> **Data section**
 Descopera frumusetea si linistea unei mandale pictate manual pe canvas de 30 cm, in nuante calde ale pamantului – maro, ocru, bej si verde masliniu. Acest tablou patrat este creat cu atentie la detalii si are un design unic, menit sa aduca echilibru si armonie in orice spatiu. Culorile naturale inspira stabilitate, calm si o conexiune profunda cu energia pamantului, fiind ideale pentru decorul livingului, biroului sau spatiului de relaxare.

--

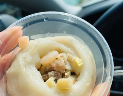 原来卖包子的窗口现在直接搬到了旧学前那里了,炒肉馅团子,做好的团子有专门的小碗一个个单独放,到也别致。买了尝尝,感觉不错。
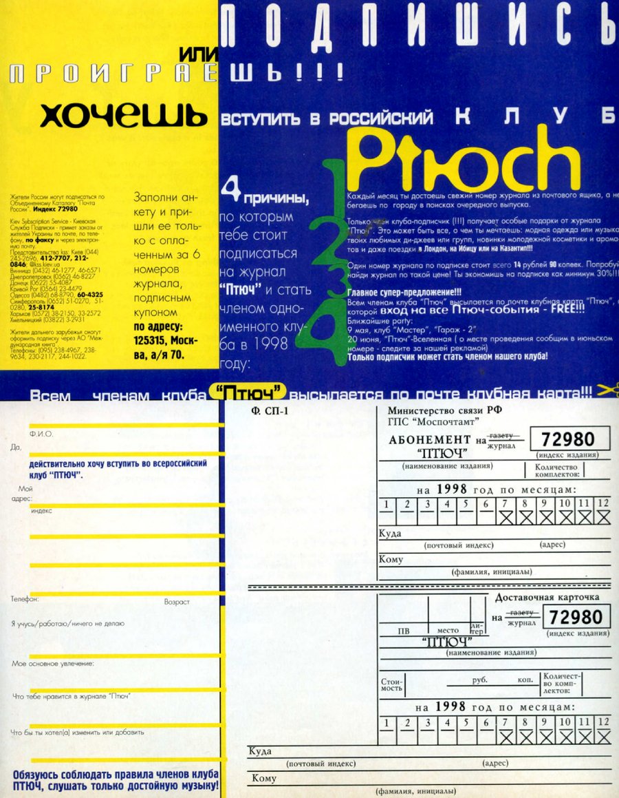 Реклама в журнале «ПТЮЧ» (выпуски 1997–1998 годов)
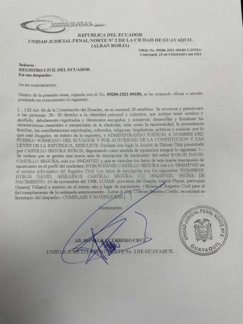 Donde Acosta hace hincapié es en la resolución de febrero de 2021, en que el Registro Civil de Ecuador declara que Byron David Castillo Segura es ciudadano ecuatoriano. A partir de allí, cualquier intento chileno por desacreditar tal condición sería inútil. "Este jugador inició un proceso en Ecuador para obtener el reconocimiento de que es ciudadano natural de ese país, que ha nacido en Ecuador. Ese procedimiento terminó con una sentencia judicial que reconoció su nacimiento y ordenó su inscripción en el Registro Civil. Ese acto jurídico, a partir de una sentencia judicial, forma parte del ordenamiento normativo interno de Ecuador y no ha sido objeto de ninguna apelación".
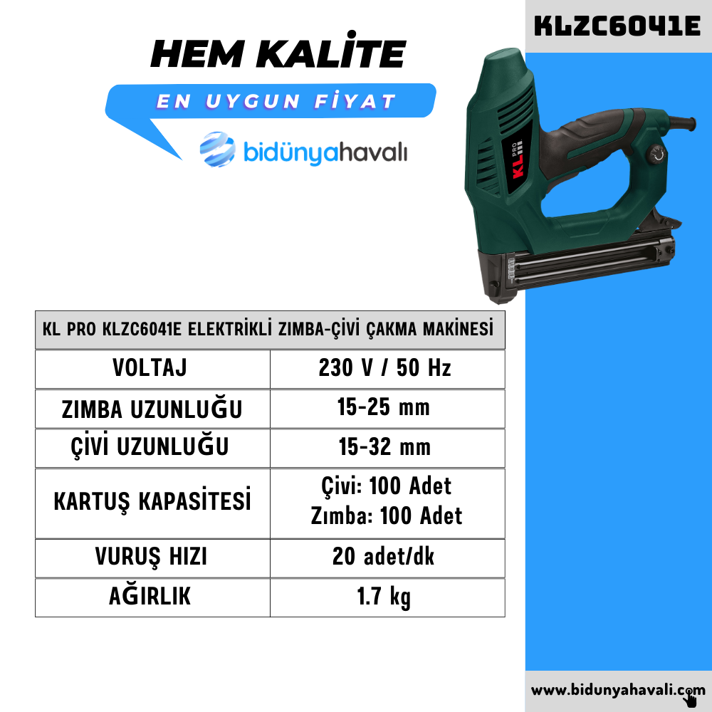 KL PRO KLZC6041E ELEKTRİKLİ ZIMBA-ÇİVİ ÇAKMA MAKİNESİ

* * *

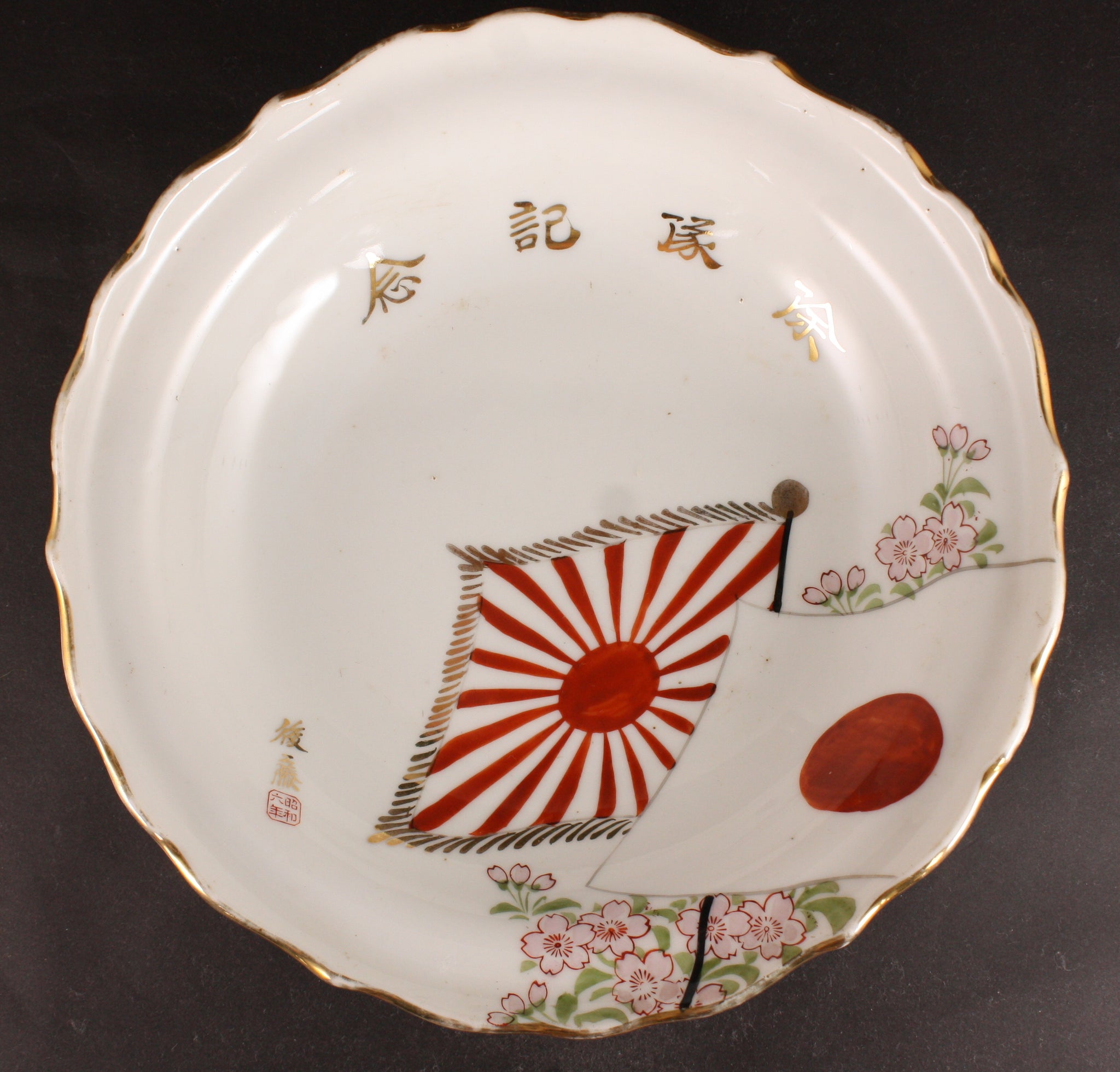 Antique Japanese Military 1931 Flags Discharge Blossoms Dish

> **Your goal**
In the listing above, find the line containing "Реклама в журнале" and the line containing "KL PRO KLZC6041E", then output those two lines and everything between them exactly as written, without the images.

> **Exercise answer**
 Реклама в журнале «ПТЮЧ» (выпуски 1997–1998 годов)
 Donde Acosta hace hincapié es en la resolución de febrero de 2021, en que el Registro Civil de Ecuador declara que Byron David Castillo Segura es ciudadano ecuatoriano. A partir de allí, cualquier intento chileno por desacreditar tal condición sería inútil. "Este jugador inició un proceso en Ecuador para obtener el reconocimiento de que es ciudadano natural de ese país, que ha nacido en Ecuador. Ese procedimiento terminó con una sentencia judicial que reconoció su nacimiento y ordenó su inscripción en el Registro Civil. Ese acto jurídico, a partir de una sentencia judicial, forma parte del ordenamiento normativo interno de Ecuador y no ha sido objeto de ninguna apelación".
 KL PRO KLZC6041E ELEKTRİKLİ ZIMBA-ÇİVİ ÇAKMA MAKİNESİ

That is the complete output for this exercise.